Task to complete: Starting at the first line of the listing below, repeat each line exactly until you have repeated the one containing "据中华人民共和国驻登棉兰总领"; skip the pictures.

Supplied records:
= = =
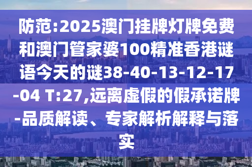 防范:2025澳門掛牌燈牌免費和澳門管家婆100精準香港謎語今天的謎38-40-13-12-17-04 T:27,遠離虛假的假承諾牌-品質解讀、專家解析解釋與落實
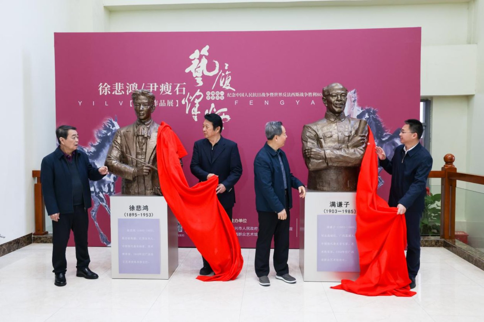 开幕式后,与会嘉宾共同为徐悲鸿先生及广西现代艺术教育先驱满谦子先生的雕像揭幕。
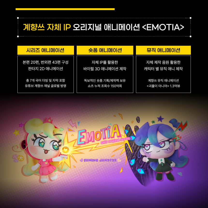 2025년 1월 말 자체 IP 오리지널 애니메이션 [EMOTIA]의 런칭을 준비 중이며, 이를 계기로 새로운 도약을 목표로 하고 있습니다.
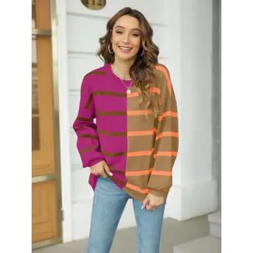 Fisoew Womens Striped Pullover Sweater Crew Neck Long Sleeve Knitted Color Block Casual Loose Lightweight Sweaters for Women
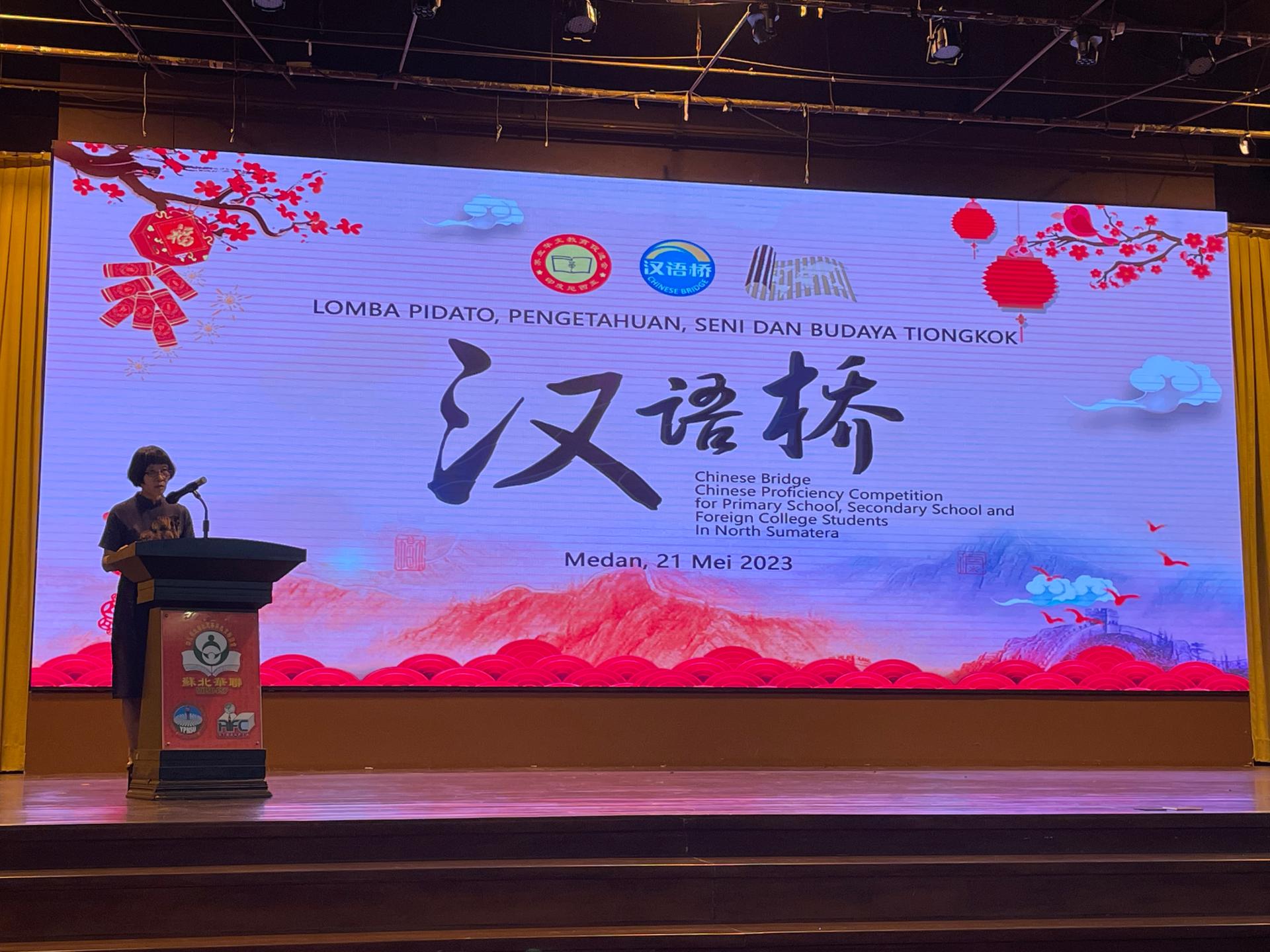 据中华人民共和国驻登棉兰总领事馆5月21日消息,5月21日,驻棉兰总领馆徐春娟副总领事出席“汉语桥”世界大、中、小学生中文比赛印尼赛区北苏门答腊省选拔赛并致辞。印尼苏北华文教育促进会主席黄世平、苏北华联理事会执行主席徐煜权等出席活动。
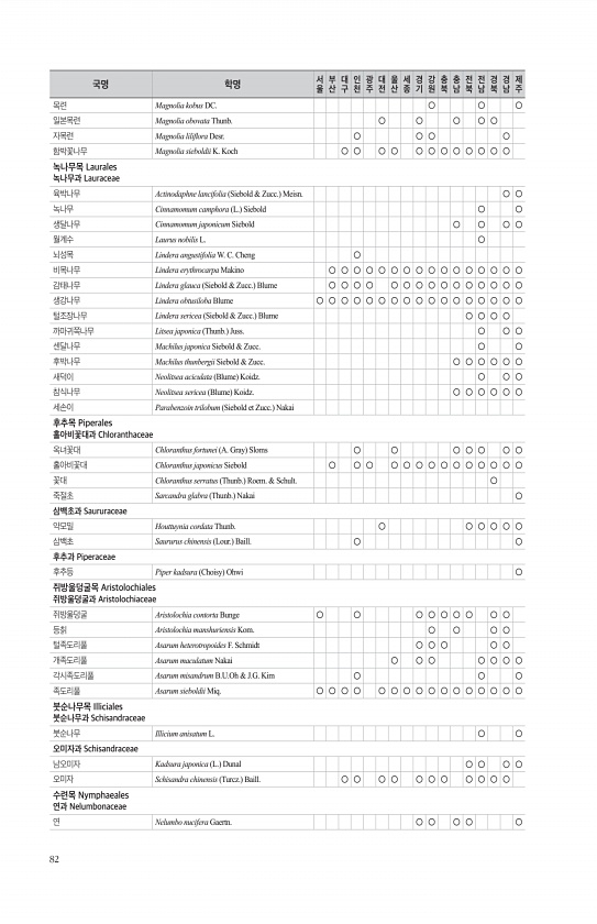 82 목련 Magnolia kobus DC. ○ ○ ○ 일본목련 Magnolia obovata Thunb. ○ ○ ○ ○ ○ 자목련 Magnolia lilifora Desr. ○ ○ ○ ○ 함박꽃나무 Magnolia sieboldii K. Koch ○ ○ ○ ○ ○ ○ ○ ○ ○ ○ ○ ○ 녹나무목 Laurales 녹나무과 Lauraceae 육박나무 Actinodaphne lancifolia Siebold & Zucc. Meisn. ○ ○ 녹나무 Cinnamomum camphora L. Siebold ○ ○ 생달나무 Cinnamomum japonicum Siebold ○ ○ ○ ○ 월계수 Laurus nobilis L. ○ 뇌성목 Lindera angustifolia W. C. Cheng ○ 비목나무 Lin...
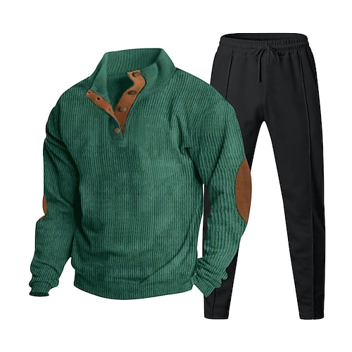 Per uomo Tuta da Ginnastica Set di abiti Set di felpe con cappuccio Collo alla coreana All'aperto Quotidiano Sportivo Blocco di colori Nero Blu marino Blu Poliestere Velluto a coste Abbigliamento
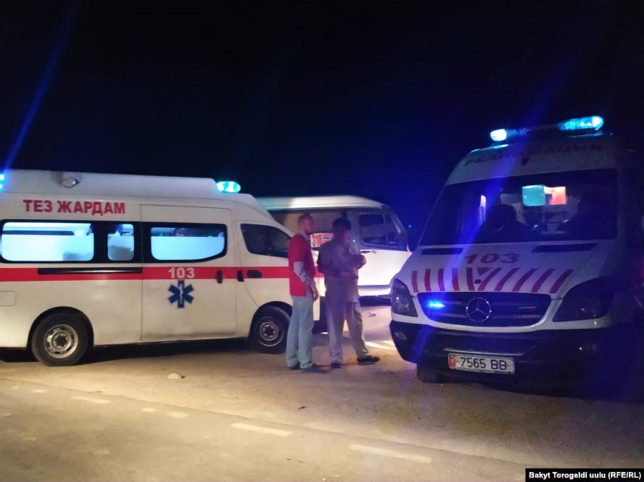 Тез жардамдын унаасы Mercedes Benz менен кагышкан. Кадрлардан дарыгерлердин унаасы жолдун жээгинде оодарылып жатканын, жанында жаракат алган фельдшер отурганын көрүүгө болот.
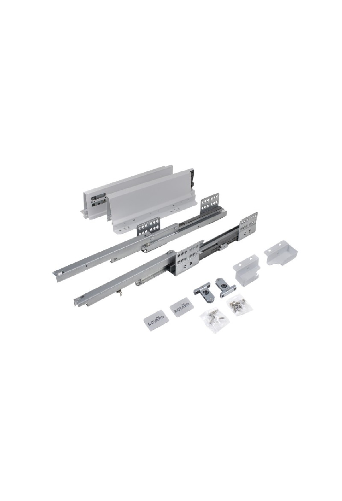 СТАРТ SOFT SB08 — комплект систем выдвижения для сборки выдвижного мебельного ящика с традиционными боковинами стандартной высоты.
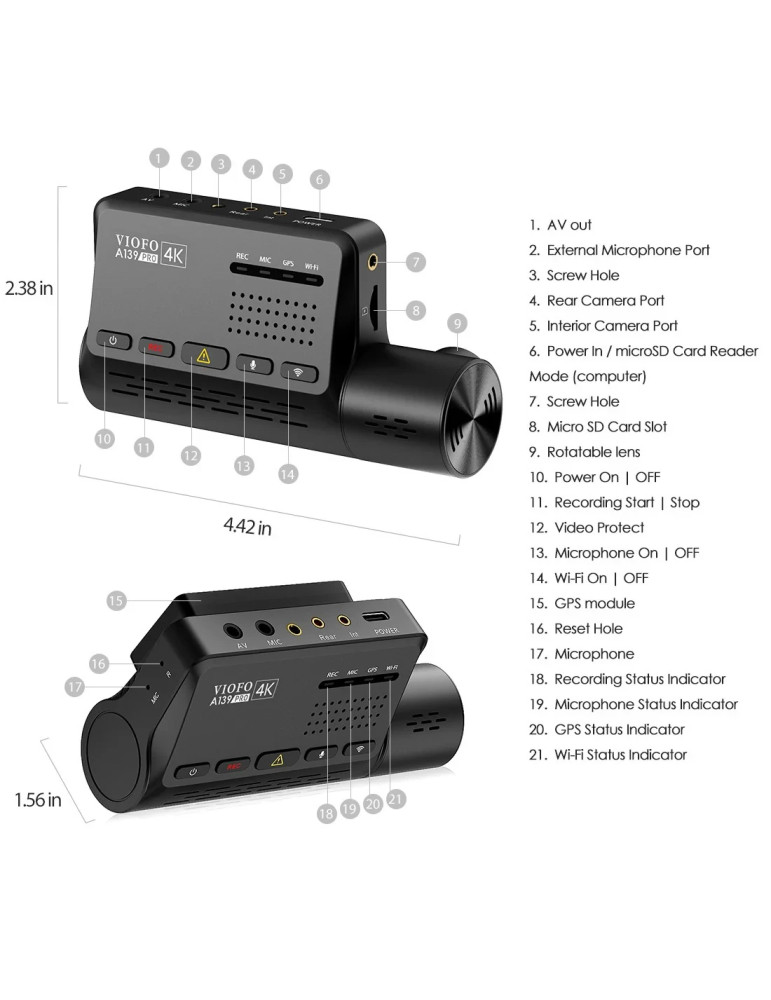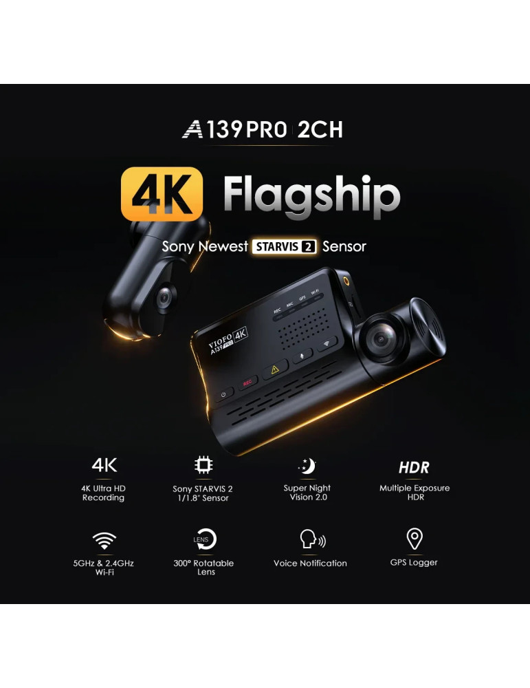 Видео регистратор VIOFO Dash Cam A139 PRO 2 Channel - 4K UHD, Sony STARVIS 2, GPS - VIOFO-A139-PRO-2CH
= = =
Exercise response:
 防范:2025澳門掛牌燈牌免費和澳門管家婆100精準香港謎語今天的謎38-40-13-12-17-04 T:27,遠離虛假的假承諾牌-品質解讀、專家解析解釋與落實
 开幕式后,与会嘉宾共同为徐悲鸿先生及广西现代艺术教育先驱满谦子先生的雕像揭幕。
 2025년 1월 말 자체 IP 오리지널 애니메이션 [EMOTIA]의 런칭을 준비 중이며, 이를 계기로 새로운 도약을 목표로 하고 있습니다.
 Fisoew Womens Striped Pullover Sweater Crew Neck Long Sleeve Knitted Color Block Casual Loose Lightweight Sweaters for Women
 据中华人民共和国驻登棉兰总领事馆5月21日消息,5月21日,驻棉兰总领馆徐春娟副总领事出席“汉语桥”世界大、中、小学生中文比赛印尼赛区北苏门答腊省选拔赛并致辞。印尼苏北华文教育促进会主席黄世平、苏北华联理事会执行主席徐煜权等出席活动。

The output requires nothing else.